Well yesterday they demoed a single storage system that generated 2.5 M IO/sec random 4KB random writes or 4.5 M IO/Sec random 4KB reads. I didn’t record the random write average response time but it was less than 350µsec and the random read average response time was 227µsec. They only did these 30 second test runs a couple of times, but the IO performance was staggering.

But they used lots of hardware, right?

No. The target storage system used during their demo consisted of:

  • 1-Supermicro 2028U-TN24RT+, a 2U dual socket server with up to 24 NVMe 2.5″ drive slots;
  • 2-2 x 100Gbs Mellanox ConnectX-5 100Gbs Ethernet (R[DMA]-NICs); and
  • 24-Intel 2.5″ 400GB NVMe SSDs.

They also had a Dell Z9100-ON Switch  supporting 32 X 100Gbs QSFP28 ports and I think they were using 4 hosts but all this was not part of the storage target system.

I don’t recall the CPU processor used on the target but it was a relatively lowend, cheap ($300 or so) dual core, Intel standard CPU. I think they said the total target hardware cost $13K or so.

I priced out an equivalent system. 24 400GB 2.5″ NVMe Intel 750 SSDs would cost around $7.8K (Newegg); the 2 Mellanox ConnectX-5 cards $4K (Neutron USA); and the SuperMicro plus an Intel Cpu around $1.5K. So the total system is close to the ~$13K.

But it burned out the target CPU, didn’t it?

During the 4.5M IO/sec random read benchmark, the storage target CPU was at 0.3% busy and the highest consuming process on the target CPU was the Linux “Top” command used to display the PS status.

Excelero claims that the storage target system consumes absolutely no CPU processing to service an 4K read or write IO request.
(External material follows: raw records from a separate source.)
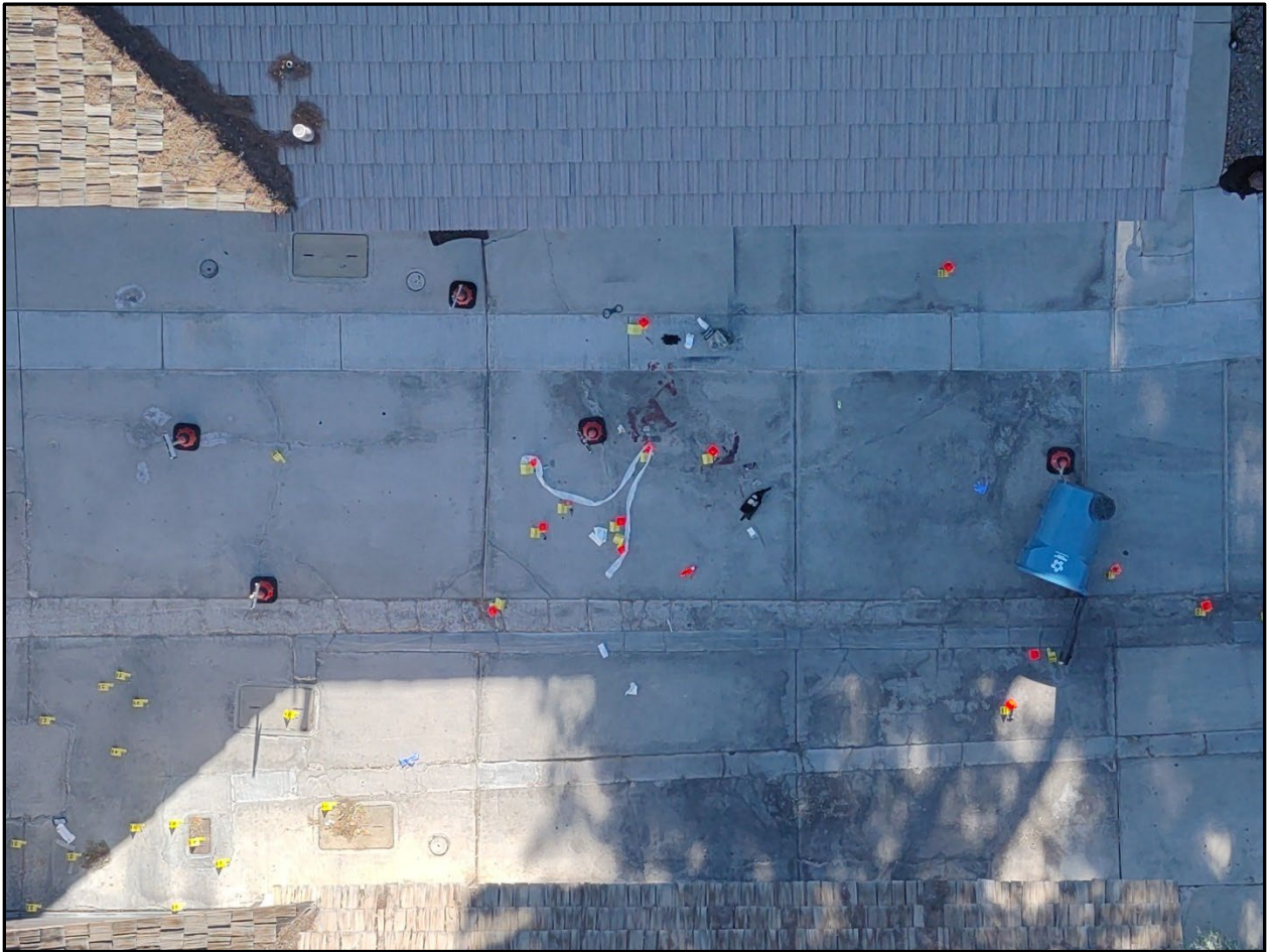
LVMPD drone photograph of OIS location. For orientation, the top of the photograph is south. At the time of the OIS event, subject officers were located near the east edge of the photograph as Decedent charged the officers from behind the overturned garbage can to the west.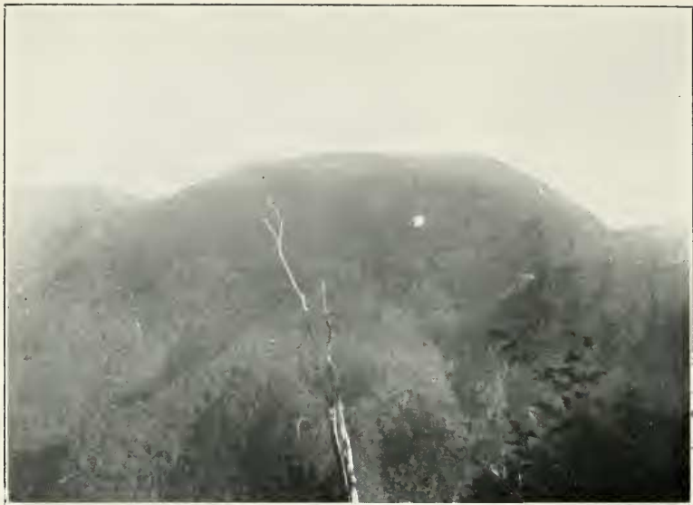
NEAR BASE OF PIC DE MACAYA. From Desbarriere, Haiti, April 11, 1931.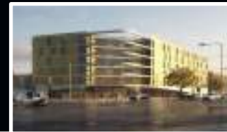
HAMPTON BY HILTON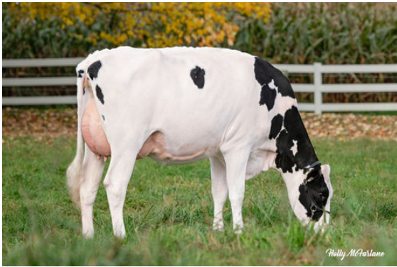
FRAELAND ALLIGATOR BOMBAY DAM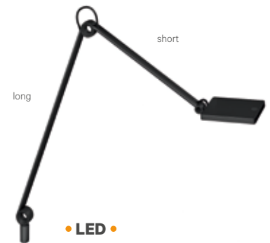
Knürr Task LED L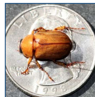
Figure 3. Southern masked chafer ( Cyclocephala lurida ) adult beetle.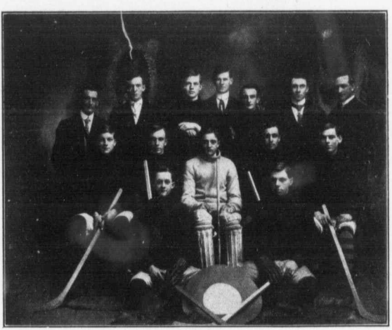
THE BEREAN CLASS HOCKEY CLUB.

away; Change and decay in all around I see, O, thou who changest not, abide with me!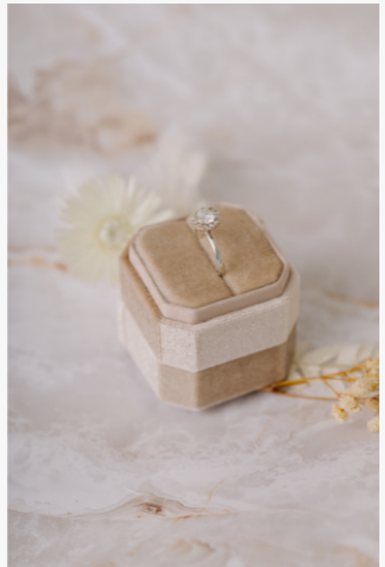
Luvari Engagement Ring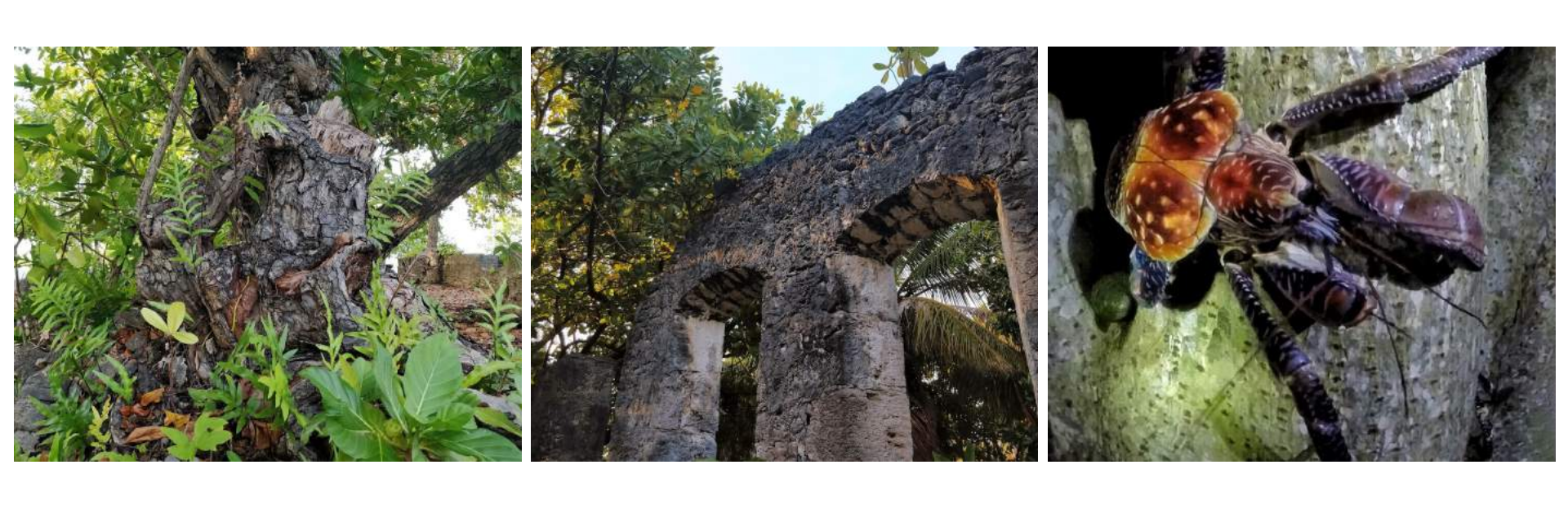
Day 3: An early departure for Fakarava Village. It is possible to hire electric bikes to cycle up the coast, stopping at a pearl farm, or a swim along the way. After lunch onboard, we depart for Toau, dropping anchor just off Coconut Crab Motu that must be explored after dark.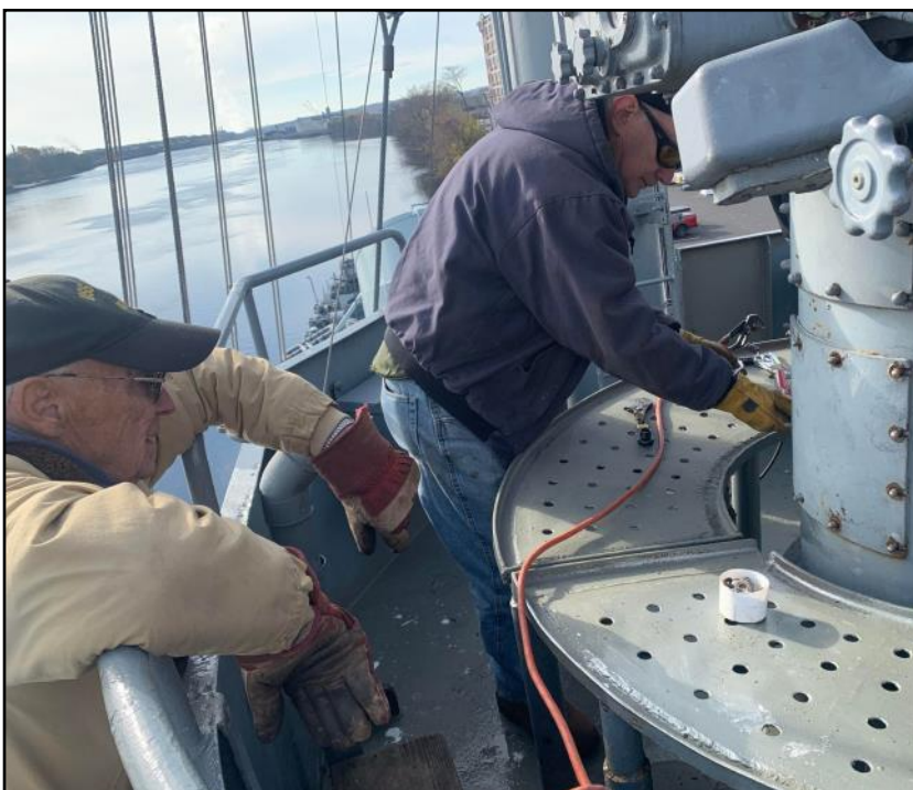
Work continues as we seal leaks on the flying bridge.

All of IO processing is done by hardware (the R(DMA)-NICs, the NVMe drives and PCIe bus) which bypasses the storage target CPU altogether.

We didn’t look at the host cpu utilization but driving 4.5M IO/sec would take a high level of CPU power even if their client software did most of this via RDMA messaging magic.

How is this possible?

Their client software running in the Linux host is roughly equivalent to an iSCSI initiator but talks a special RDMA protocol (patent pending by Excelero, RDDA protocol) that adds an IO request to the NVMe device submission queue and then rings the doorbell on the target system device and the SSD then takes it off the queue and executes it. In addition to the submission queue IO request they preprogram the PCIe MSI interrupt request message to somehow program (?) the target system R-NIC to send the read data/write status data back to the client host.

So there’s really no target CPU processing for any NVMe message handling or interrupt processing, it’s all done by the client SW and is handled between the NVMe drive and the target and client R-NICs.

The result is that the data is sent back to the requesting host automatically from the drive to the target R-NIC over the target’s PCIe bus and then from the target system to the client system via RDMA across 100GBE and the R-NICS and then from the client R-NIC to the client IO memory data buffer over the client’s PCIe bus.

Writes are a bit simpler as the 4KB write data can be encapsulated into the submission queue command for the write operation that’s sent to the NVMe device and the write IO status is relatively small amount of data that needs to be sent back to the client.

NVMe optimized for 4KB IO

Of course the NVMe protocol is set up to transfer up to 4KB of data with a (write command) submission queue element. And the PCIe MSI interrupt return message can be programmed to (I think) write a command in the R-NIC to cause the data transfer back for a read command directly into the client’s memory using RDMA with no CPU activity whatsoever in either operation. As long as your IO request is less than 4KB, this all works fine.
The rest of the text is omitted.